▶ [DATA EXTRACTS]:
++++++
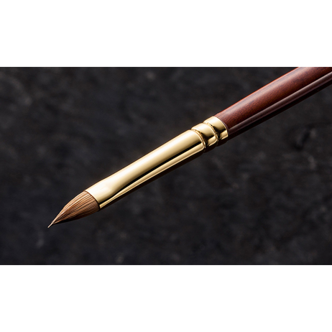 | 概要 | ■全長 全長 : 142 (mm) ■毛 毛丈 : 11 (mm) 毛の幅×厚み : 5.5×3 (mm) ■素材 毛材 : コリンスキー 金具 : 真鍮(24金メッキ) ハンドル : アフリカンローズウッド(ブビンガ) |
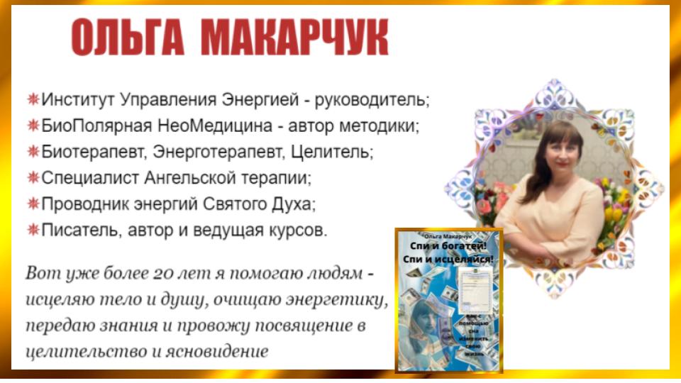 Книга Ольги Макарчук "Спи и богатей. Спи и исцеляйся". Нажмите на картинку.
++++++
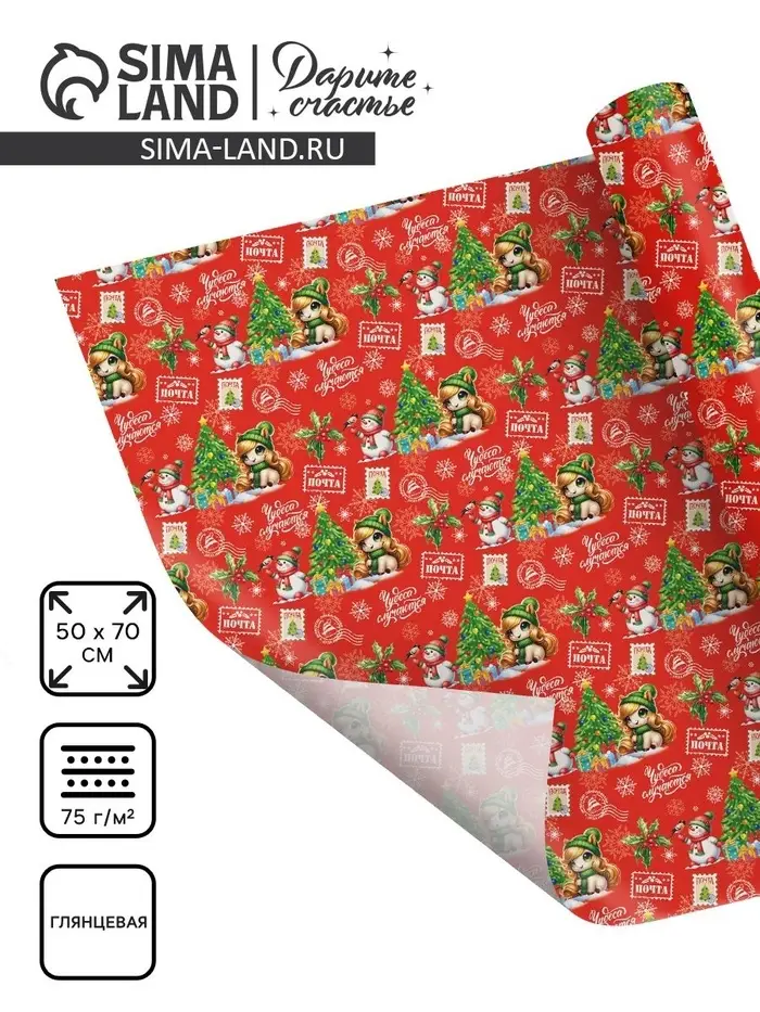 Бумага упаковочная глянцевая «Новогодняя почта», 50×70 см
++++++
▶ [WHAT THE TASK REQUIRES]: Set down again, exactly, every line above from the one with "ハンドル : アフリカンローズウッド(ブビンガ) |" down to the one with "Книга Ольги Макарчук", both ends included. No pictures, and nothing else.

▶ [TASK OUTPUT]:
 | 概要 | ■全長 全長 : 142 (mm) ■毛 毛丈 : 11 (mm) 毛の幅×厚み : 5.5×3 (mm) ■素材 毛材 : コリンスキー 金具 : 真鍮(24金メッキ) ハンドル : アフリカンローズウッド(ブビンガ) |
 Книга Ольги Макарчук "Спи и богатей. Спи и исцеляйся". Нажмите на картинку.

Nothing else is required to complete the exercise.